Zhang Liye, Zou Yong, Guan Shuguang, Liu Zonghua
Department of Physics, East China Normal University, Shanghai 200062, China.
State Key Laboratory of Theoretical Physics, Institute of Theoretical Physics, Chinese Academy of Sciences, Beijing 100190, China.
Phys Rev E Stat Nonlin Soft Matter Phys. 2015 Apr;91(4):042807. doi: 10.1103/PhysRevE.91.042807. Epub 2015 Apr 24.
Evolutionary game theory is crucial to capturing the characteristic interaction patterns among selfish individuals. In a population of coordination games of two strategies, one of the central problems is to determine the fixation probability that the system reaches a state of networkwide of only one strategy, and the corresponding expectation times. The deterministic replicator equations predict the critical value of initial density of one strategy, which separates the two absorbing states of the system. However, numerical estimations of this separatrix show large deviations from the theory in finite populations. Here we provide a stochastic treatment of this dynamic process on complex networks of finite sizes as Markov processes, showing the evolutionary time explicitly. We describe analytically the effects of network structures on the intermediate fixations as observed in numerical simulations. Our theoretical predictions are validated by various simulations on both random and scale free networks.
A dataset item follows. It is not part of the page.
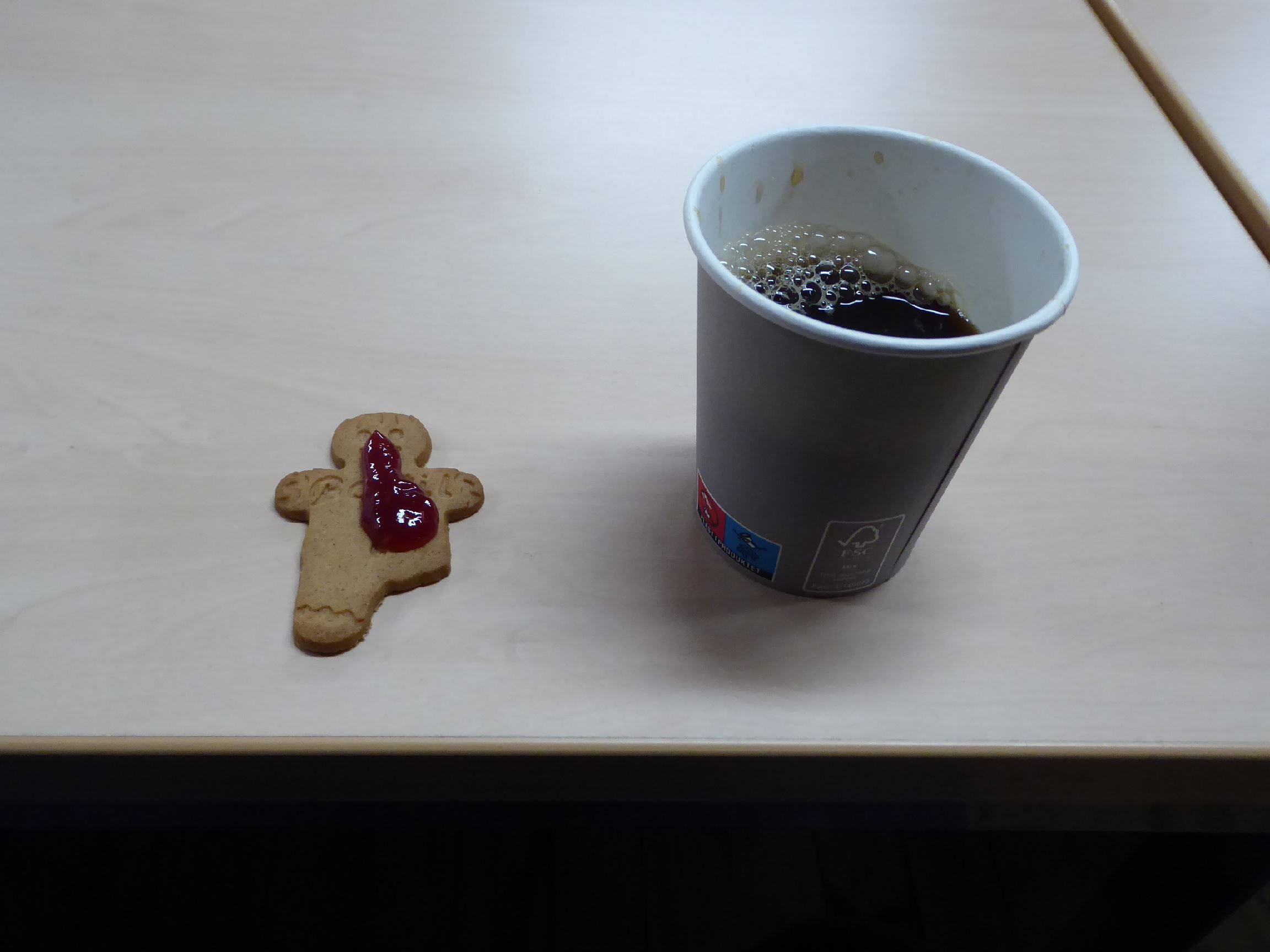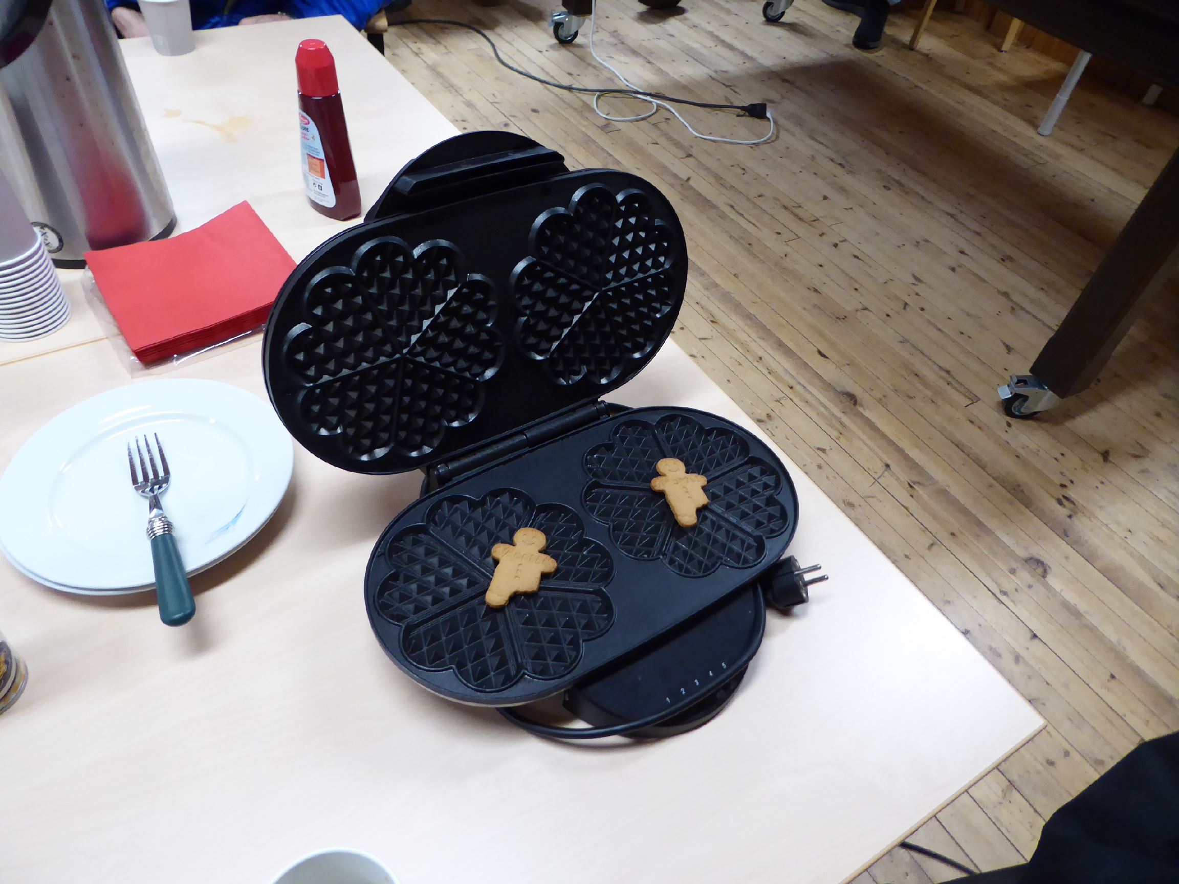 Omtrent 20 vaffelsultne sjeler hadde innfunnet seg i "Tre'ern" klokka 18 blank ikveld, og ventet tålmodig og lenge på at klubbens egen råkjører og vaffelrøre-leverandør skulle dukke opp. Til slutt måtte vi ringe til'n, men han hadde misforstått og trudde det var NESTE onsdag røra skulle leveres. Så der satt vi da, med varmt vaffeljern og tilhørende syltetøy, men uten vaffelrøre. Nå var gode råd dyre, men vi hadde en boks med amputerte pepperkakemenn og vi prøvde både å spise dem med bringebærsyltetøy og å steike dem i vaffeljernet, men det kom nok ikke opp mot de lovede nystekte vaflene. Vi må nok prøve å kvalitetsikre vaffelrøreleveransen neste gang....

Therefore, our stochastic framework can be helpful in dealing with other networked game dynamics.
进化博弈论对于捕捉自私个体之间的特征性互动模式至关重要。在一个具有两种策略的协调博弈群体中,核心问题之一是确定系统达到仅一种策略全网状态的固定概率以及相应的期望时间。确定性复制方程预测了一种策略初始密度的临界值,该临界值将系统的两个吸收态分开。然而,在有限群体中,这条分界线的数值估计与理论存在很大偏差。在这里,我们将这个动态过程作为马尔可夫过程在有限规模的复杂网络上进行随机处理,明确显示出进化时间。我们通过数值模拟分析描述了网络结构对中间固定状态的影响。我们的理论预测通过在随机网络和无标度网络上的各种模拟得到了验证。因此,我们的随机框架有助于处理其他网络博弈动态。